Episode04-1 女らしさと騎士らしさと
電車が走り出して早30分、未だ襲撃はなく隣で談笑しているレナスに笑顔を向けながら、アルベールはちらりと周囲を見回した。
騎士を他にすれば出入りをする者もおらず、襲撃の予兆はない。
ヴィンセントからの報告によれば怪しい客の姿もないとのことだ。
さすがに時速300キロで走る列車に乗り込むのは難しい。襲撃があるならば列車が止まるタイミングだろうとアルベールは踏み、わずかに緊張を解く。
「そんなに心配されなくても大丈夫ですよ」
唐突に、レナスがアルベールの手のひらを握る。
それにほんの少し驚きながらも、彼女の笑顔を見ていると安心できる自分に気づき、アルベールは苦笑した。
いざとなったらレナスを守るのは自分の方なのに、気がつけばいつも、レナスのさりげない言葉や行動に救われている自分がいることを、アルベールはすこし情けなく思う。
見た目は可憐で清楚。そして常に明るく気だてがよいレナスをアルベールは心の底から愛しく思っている。
だが時々思うのだ。彼女には自分にはない強さがあると。
「本当に、あなたはお強い」
レナスが若干息をのむが、アルベールはそれに気づかないようだった。
「今の状況を話しても動揺一つしない」
「それは、アルベール様が側にいてくれるからですわ」
「でも僕は騎士としてはまだまだ半人前です。剣術では友のヴィンセントに勝てず、聖なる力にすら拒まれている」
「でもこれから修行に向かうのでしょう? 立派なことですわ」
「むしろ遅すぎるくらいです」
「でも、あなたはそれに気づいたわ」
切なげに揺れるアルベールの顔をのぞき込み、レナスは笑う。
「間違いをただし、後悔から前に進むことは正しい者にしかできないことです。そしてそれこそ、騎士として大切なことなのではないでしょうか?」
「あなたはずいぶん、騎士道にお詳しいようだ」
アルベールの言葉に、レナスは目を泳がせる。
「…ということを、昔教えていただいたんです。そこの彼に」
そう言った先にいたのは、暇そうな顔で二人の側にたたずんでいるヒューズ。
「執事にですか?」
「い、今は執事ですが以前は騎士だったそうで」
フォローしろと視線を送られ、ヒューズは「左様でございます」と頭を下げる。
そのやりとりを見て、アルベールはなぜだか少し複雑な顔をする。
「僕なんかより、立派な騎士が側にいるのですね。それも常に」
「そんな!アルベール様より立派な騎士なんていませんわ!」
そう言うなり、レナスはアルベールの腕をとる。
「あなたはこんなに素敵で女性に優しくてお強い。それに比べてこの男、情けなくてどうしようもなくてブルースウィリスリーの物まねしかできないんですのよ」
再び跳んできた視線に、ヒューズが「あちょ」とやる気のない構えをしてみせる。
「こんなのとご自分を比べてはいけません!」
ね? と顔を近づけられ、アルベールは渋々うなずく。
「すいません。

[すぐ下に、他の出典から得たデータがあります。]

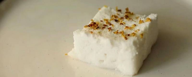 把凉透的雪花糕从冰箱内拿出来切块,块的大小依每个人的喜好,但是不宜过大。切好后裹椰蓉,装盘。
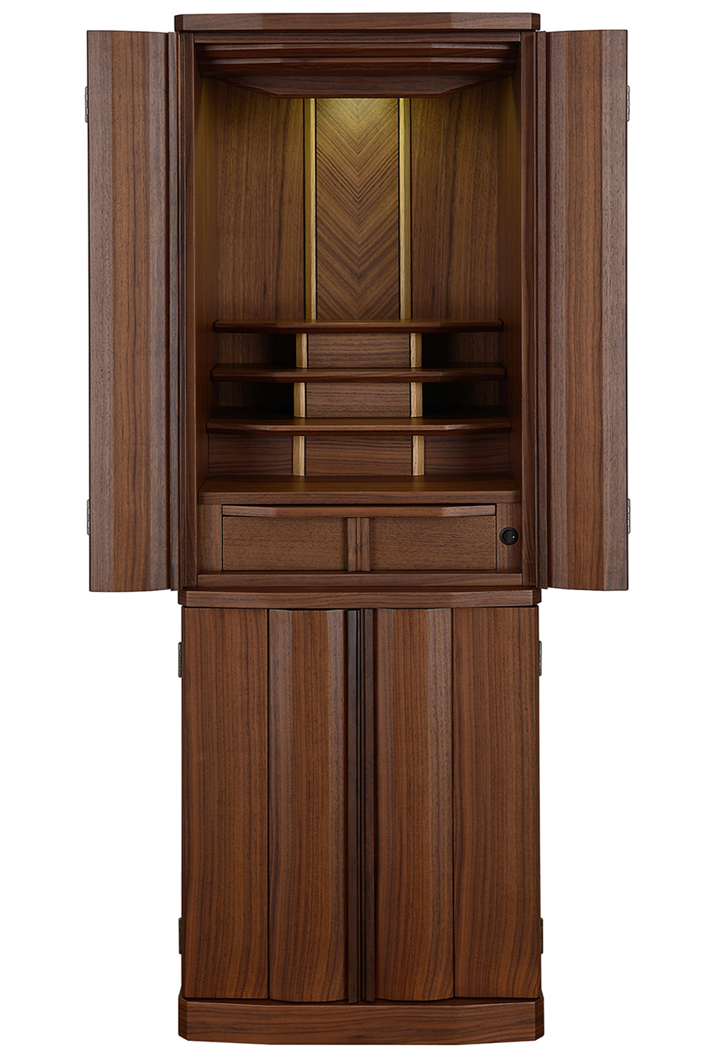 家具調仏壇とは、日本の都市型のライフスタイルに合うよう、家具調にデザインされた現代的な感覚の仏壇です。リビングルームに置いても違和感のない仏壇で、モダンですっきりしたデザインに特徴があります。
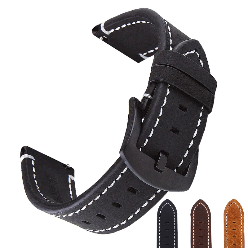 Ремешок из натуральной кожи для наручных часов, черный металлически...
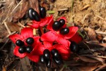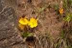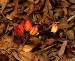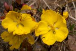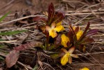 Usually a rhizomatous shrublet with only leaves and flowers appearing above ground, rarely a proper shrub 1-2 m high. Leaves oblanceolate to narrowly obovate, leathery with a stout or swollen petiole; margin serrulate. Flowers yellow to orange, very short-lived. Calyx spreading, bright red. Carpels 5. |
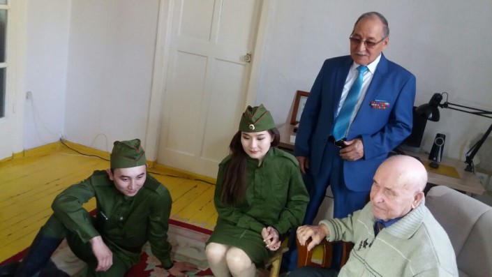 Услышав песни за окном, участник ВОВ Рахимов Курмат Рахимович, поспешил надеть свой парадный китель с медалями и выйти во двор. Ветеран был удивлен, хотя не скрывал, что ждал поздравление от своих бывших коллег.
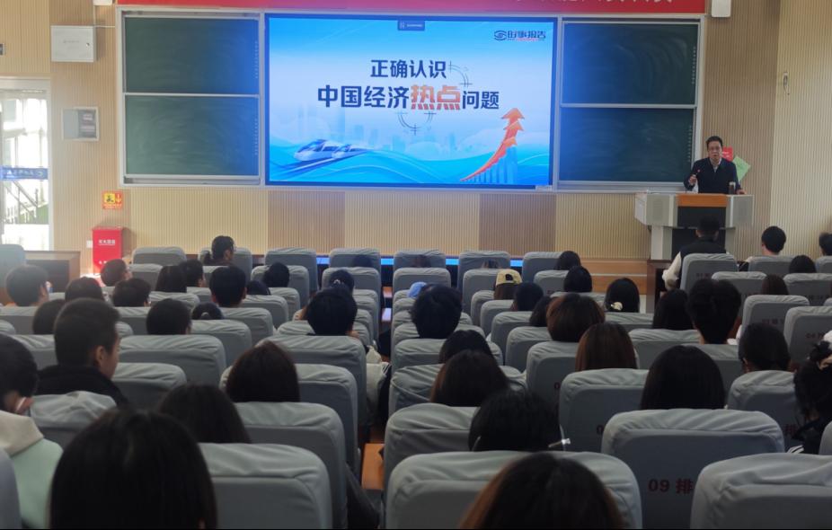 11月13日下午,党委常委、副校长左国防为十大买球的正规网站和化学工程与技术学院学生讲授题为《正确认识中国经济热点问题》的形势与政策课。
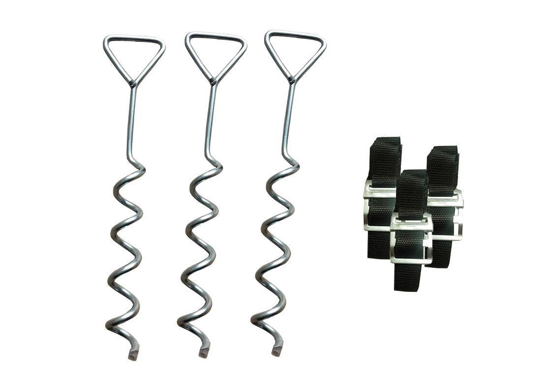 Pri silnom až extrémnom vetre alebo pri náhlych nárazoch vetra nemusí byť ukotvenia účinné. Pri očakávaní silného vetra odporúčame z trampolíny demontovať ochrannú sieť a trampolínu dodatočne zabezpečiť (napr. Betónové bloky na nohy a pod.)
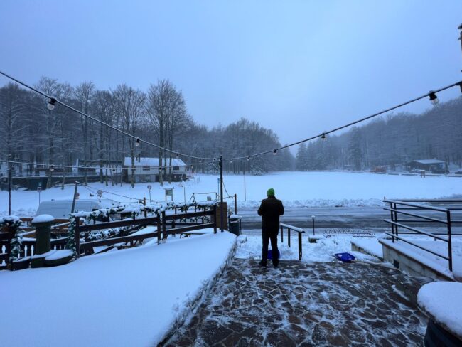 Neve nella notte sul Monte Amiata. Bellissima ma ancora insufficiente per garantire l’apertura degli impianti.

最近ちょっといろいろと自信をなくしていて…。情けないところを見せました」
「かまいませんわ。むしろ私には見せてくださってよいのですよ」
レナスの言葉にアルベールは堅く首を横に振る。
「男性は女性より強くあらねばなりません。あなただって、強い男性が好きだとおっしゃっていたでしょう?」
「それはそうですけど、私は…」
「僕はあなたにふさわしい男でありたいのです。わかってください」
そう言って、アルベールは堅く口を閉ざし、窓の方へと視線をそらす。
自分に向けられ無くなった言葉と視線に、レナスもまた仕方なく黙り込むほか無かった。